It was the novel, specifically The Brothers Karamazov, that once and for all set me on the path toward dedicating my life to literature. Only recently has poetry come to occupy a similarly sacred space as the novel in my outlook. This delay is not due to any prejudice on my part, but more to a simple lack of sufficient exposure.
The main catalyst for this awakening was John Ashbery’s “Self-Portrait in a Convex Mirror.” When I first encountered it, I had been studying Pynchon, Barth, DeLillo, and David Foster Wallace. Namely, practitioners of the massive, whose major works will undoubtedly stand as monuments to our historical and cultural moment. “Self-Portrait” is one such undertaking.

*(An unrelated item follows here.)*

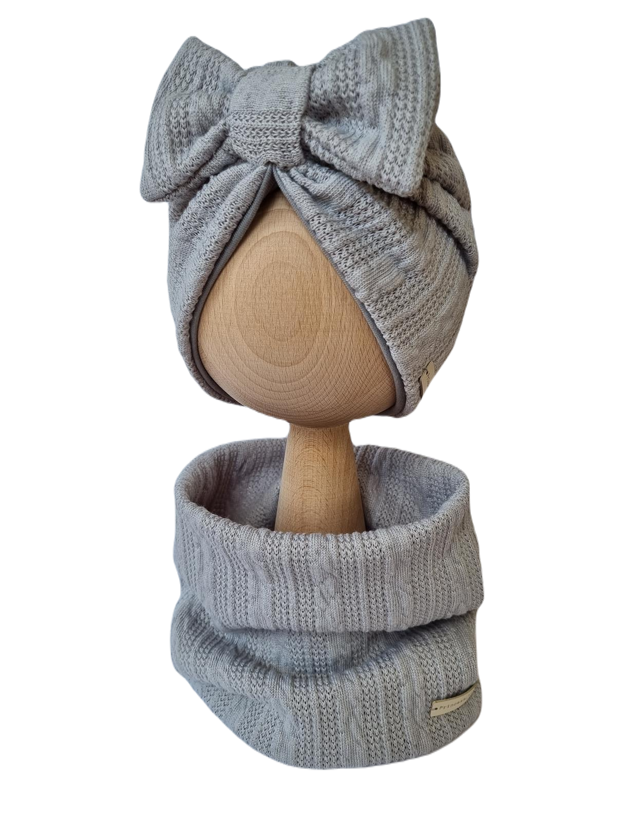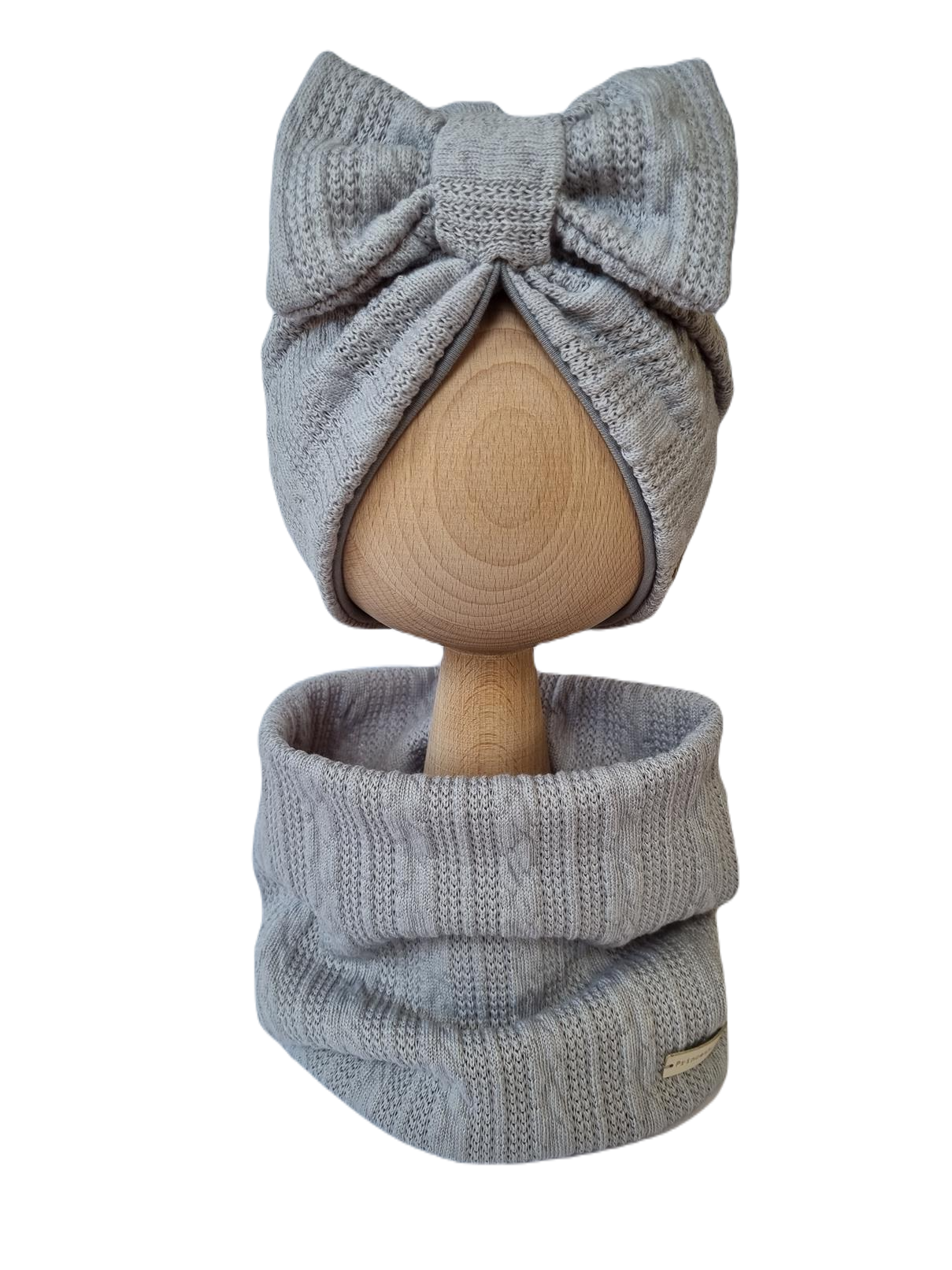 KOMPLET SWETERKOWY TURBAN PODWÓJNY KOKARDA I KOMIN Grafit

The sheer philosophical, epistemological, formal and emotional scope exhilarates me every time I read it. It is a virtuosic, dynamic, and ultimately heart-wrenching meditation on self-consciousness and loss, central notions of late twentieth-century art. Like those masters of narrative I mentioned, Ashbery causes me to pause and reflect with awed humility that I could never do what he did in this poem.
Gratifying to see you’ve crossed over to the other side:) Poetry, Ashbery’s and others, rewards patience and concentration: two qualities which, given my brief experience with you, I suspect you possess in abundance. Wishing you many more happy discoveries!